皇帝になって膨大な政務をこなし、大陸に広がる領地をまとめるという未来にも、テオフィルは怖気づいた。
しかもつい先ほど、諸卿を揃ってクビにした直後である。
それに、あの無礼な軍務卿が言っていた通り、今は実務をこなせるローゼに仕事を押しつけることもできない。
生まれて初めて、テオフィルはこの広大なエスヴァルト帝国を自分一人で背負って立つという重さを、ありありと感じた。
そして自分の周囲には、十年間自分の婚約者として妃教育を受けてきたローゼも、日々発生する政治的難問を処理してきた諸卿もいない。
皆、テオフィル自身が遠ざけたのだ。
足元にぽかりと穴が開き、どことも知れぬ深淵に落ちていくような恐怖に襲われた。
(……もしかしたら俺は、とんでもないことをしてしまったのではないか……?)
窓の外の青空がやけに空虚に見えた。
視界に、スッと銀髪の女が入りこむ。
ヘルミーネは微笑を浮かべ、血の気の引いたテオフィルの手を握った。
「大丈夫よ、テオ。あたしがいるわ。あなたが皇帝で、あたしが妃。
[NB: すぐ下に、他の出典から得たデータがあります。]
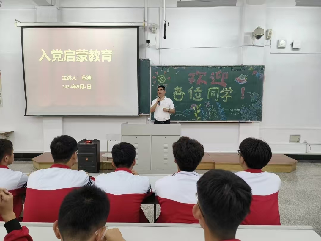 “青年是祖國的未來和希望,也是黨的未來和希望,國家的發展都得益于一代代青年的努力和奮斗”。董德圍繞理想信念、入黨的基本條件、入黨流程和黨史理論等內容展開詳細講解,他勉勵2024級新生端正入黨動機,要堅定不移聽黨話、跟黨走,懷抱夢想又腳踏實地,敢想敢為又善作善成,立志做有理想、敢擔當、能吃苦、肯奮斗的新時代好青年!
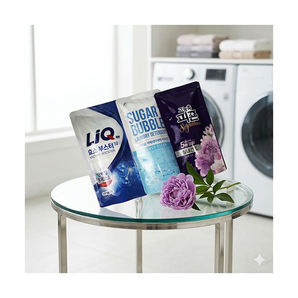 세탁세제 3종세트 애경 리큐 + 슈가버블 세탁세제 + 피죤 섬유유연제 + 끈케이스 + 케이스 변경 가능

この帝国はあたしたちのものよ」
自信に満ちた口調だった。
根拠など何もない。
だがその単純な傲慢さが、テオフィルに自信を取り戻させた。
そうだ。
自分は皇帝だ。
この帝国は自分に与えられたものだ。
誰にも文句など言わせない。
テオフィルはヘルミーネの手を強く握り返した。
口の端に酷薄な笑みが浮かぶ。
「そうだな。皇帝は俺だ。……邪魔をするやつらには、天罰を与えてやろう」
もう一度窓を見た。
今度は笑いながら。
青空は、もう空虚には映らなかった。
帝国の上に広がる天は、他でもないこの自分自身なのだから。